The Artist: Pete Scully discusses urban sketching

Features – The Aggie

Pete Scully talks about his life as an artist

Ever since urban sketch artist Pete Scully was able to pick up a pen in his self-proclaimed “funny way,” he remembers drawing. The earliest drawings Scully remembers creating depict America through skyscrapers in New York. When Scully was around five years old in Burnt Oak of North London, his idea of a skyscraper was slightly different from what they are: he drew extremely tall buildings with broomsticks sticking out from the top in order to scrape the sky. Scully’s fascination with drawing and with drawing cities, started from this young age — despite the slight confusion regarding skyscrapers.

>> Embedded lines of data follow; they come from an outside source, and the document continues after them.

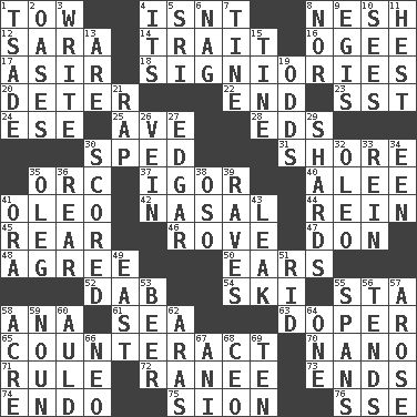 ACROSS 1. Pull behind 4. Is not 8. Soft 12. "Two Mules for Sister ____" 14. Distinguishing feature 16. Double curve, resembling the letter S 17. SW Saudi Arabia district 18. Seigniories (variant) 20. Prevent from occurring 22. Conclude 23. Fast jet (abbr.) 24. Compass dir. 25. "___ Maria" 28. Begley and Asner 30. Moved rapidly 31. Dinah or Pauly 35. The grampus (Milton) 37. Composer Stravinsky 40. Toward shelter 41. Butter sub 42. Relating to the nose 44. It's straight from the horse's mouth 45. Stern 46. Be footloose 47. Spanish title 48. Match 50. Hearing organs 52. Pat or tap gently 54. What Jean-Claude Killy likes to do 55. R.R. building 58. Santa ___, CA 61. Ocean 63. Drug addict 65. Neutralize 70. Billionth: prefix 71. General guideline 72. The wife of a rajah (variant) 73. Extremities 74. Inside; within (prefix) 75. The Jewish people; Israel 76. Compass dir. DOWN 1. Sadhe (variant) 2. Fertile tracts in a desert 3. Compose 4. It is 5. Indian title of respect (Mr.) 6. Tired old horse 7. Prong on a fork 8. Or not 9. The front part of a cuirass 10. Perceives with the eye 11. Command 13. "We ___ not amused" (Victoria) 15. Prong on a fork 19. Probability 21. Reproach for some lapse or misdeed 26. Distinctive style or manner 27. _ Allan Poe 29. Broken pieces 30. Tallied 32. Margarine 33. It's straight from the horse's mouth 34. Car or cant ending 35. Cassini of fashion 36. Posterior 38. Bear (Spanish) 39. All-night dance parties 41. Mouth or opening 43. Path through which fluid escapes 49. Compass direction 51. To free from 53. Fermented drink made from hops 55. Connects, as a bridge 56. Watches over 57. Came up 58. 1/640 square mile 59. Part of speech 60. Old (Scot.) 62. Ancient river in northeast Turkey 64. Single 66. Modern: prefix 67. Cuckoo 68. Corporate head (abbr.) 69. "___ Little Indians"
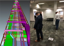The DfMA process helped the team visualize racks and corridors to reassure the owner that the strategy would meet the building’s lifecycle needs and aggressive schedule. Using “mixed reality,” a combination of physical and virtual information, the owner’s representatives were able to explore the racked systems to simulate the ease of installation and future maintenance. Mixed reality was also used for quality assurance and quality control of modules and allowed the owner to “walk through” virtual racks alongside the fabricated racks.
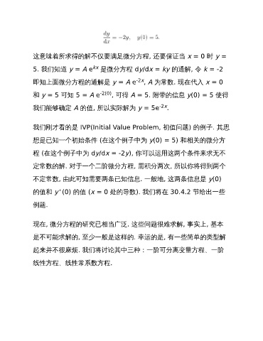 和 y = 5 可知 5 = A e -2(0) , 可得 A = 5. 附带的信息 y(0) = 5 使得
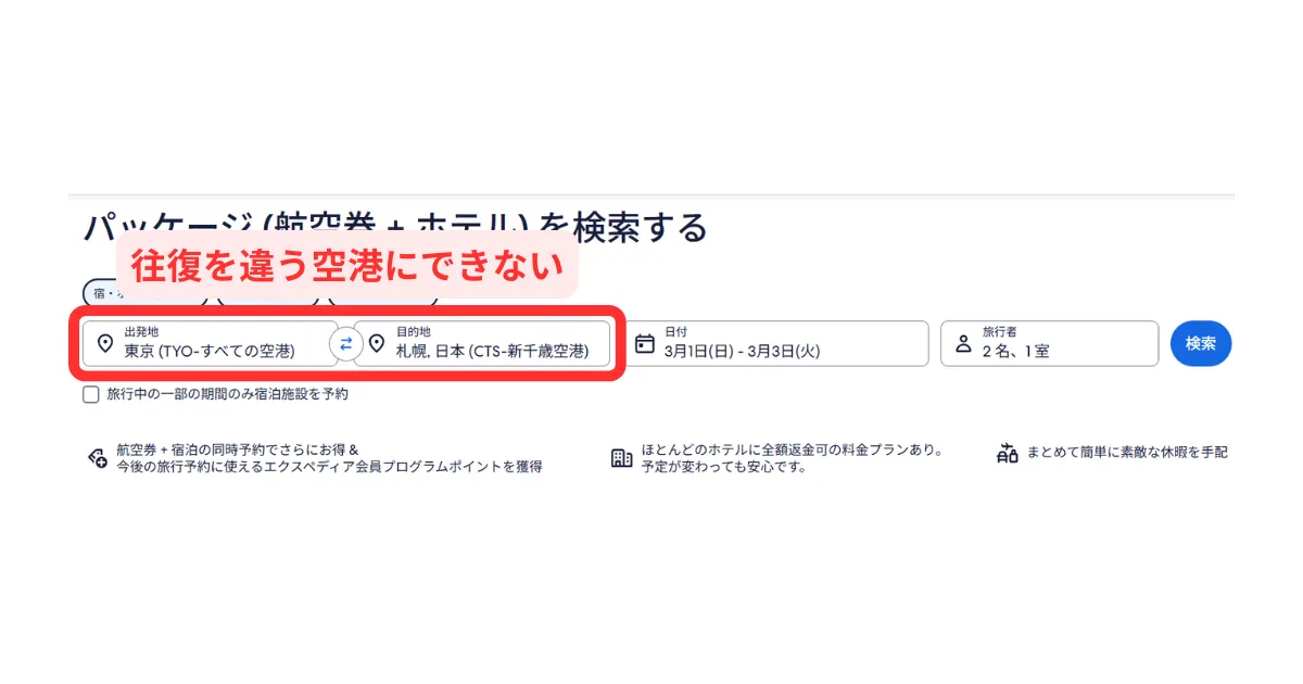 エクスペディアの航空券+ホテルは往復を違う空港にすることができません。1
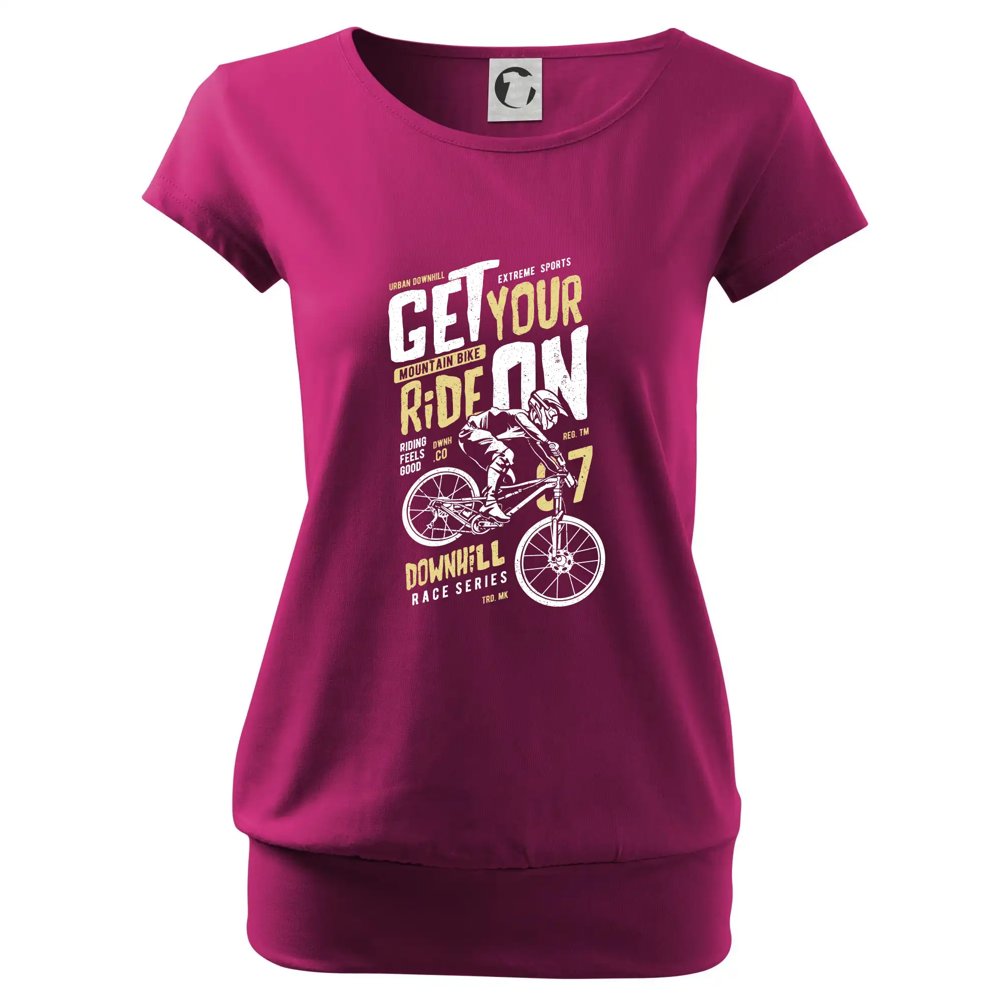 Trendové dámske tričko s veľmi krátkym rukávom, voľnejšieho strihu, v dolnom kraji všité do širokého lemu. Okrúhly priekrčník s úzkym lemom zo zhodného materiálu.

Scully, who previously worked as a graduate programs coordinator, is currently in the Department of Statistics as the management services officer. He left North London and has lived in Davis for the past 13 years, providing him ample opportunity to draw locations all over the city. His sketches started as a way to document and remember everything exciting and novel about the new place in which he lived and worked.

“It doesn’t feel so exciting now after 13 years of drawing the same buildings,” Scully said. “However, I haven’t stopped drawing Davis. I’m still finding things to draw […] When I’m drawing the same thing for several years, I’m drawing it differently. I’m drawing a different stage in its existence — it might look different. I’m also drawing it at a different stage in my existence.”

Take the Davis Farmers’ Market. When Scully first saw it, he sketched it to reflect his excitement at how it was bursting with color. In a recent sketch from 2018, only the people are in color.

In 2007, Urban Sketchers was founded and Scully was selected to be a Davis correspondent. The group was small in its inception, about 20 to 25 correspondents around the globe, and was …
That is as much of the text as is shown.